ScientificTracks Abstracts: J Bioeng Biomed Sci

DOI: 10.4172/2155-9538.C1.008

Abstract
Sustainable agriculture requires the careful optimization of the use of organic amendments to improve soil fertility while minimizing any harmful environmental effects. This study evaluated the nitrogen (N) mineralization dynamics in soil after adding different organic amendments. The four organic amendments were fresh dairy cattle manure, fresh white clover, vegetable, fruit and yard waste compost and poplar tree compost. The N mineralization potential of each organic amendment was determined by analyzing total mineral nitrogen during a 97 days laboratory incubation experiment. Soils amended with clover released 240 μg N g-1 of soil during the 97 days incubation, more than twice as much as that released from soils amended with manure or composts (76-100 μg N g-1 soil). At the end of the incubation, the net N mineralization in clover amended soils was 54%, more than five times higher than that in soils amended with composts or manure (4-9%).
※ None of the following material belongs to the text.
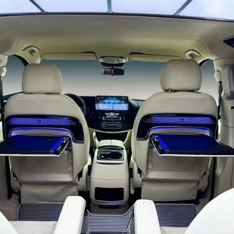 Ideal para viagens de negócios, serviços de transporte ou transporte VIP, esta modificação do encosto transforma o interior do seu Vito/Classe V num escritório móvel que combina perfeitamente funcionalidade, estilo e conveniência.

Nitrogen was mineralized faster in clover amended soil (1.056 μg N g-1 soil day-1) than in soil amended with composts (0.361-0.417 μg N g-1 soil day-1). The microbial biomass carbon content was higher in clover amended soil than in the soils amended with manure or composts. Bacteria (Gram positive and Gram negative), actinomycetes and fungi were more abundant in clover amended soils than soils amended with manure or composts. The N mineralization potential varied among the four organic amendments. Therefore, the timing of application and the type of organic amendment should be matched to the nutrient needs of the crop.
Biography

Veronica Uzokwe has received her MSc in Agronomy (1998) from the University of Ibadan and her PhD (2008) in Plant Breeding/Genetics from the International Institute of Tropical Agriculture (IITA), both in Nigeria. She has joined IITA, Dar es Salaam, Eastern African (EA) Hub in her current role as a System Agronomist in 2013 and currently the country project Coordinator for the Support to Agriculture for Research and Development of Strategic Crops in Africa (SARD-SC) project. Earlier, from 2011 to 2013, she was a Plant Breeder/Agronomist with the International Rice Research Institute (IRRI) at Los Banes, Philippines.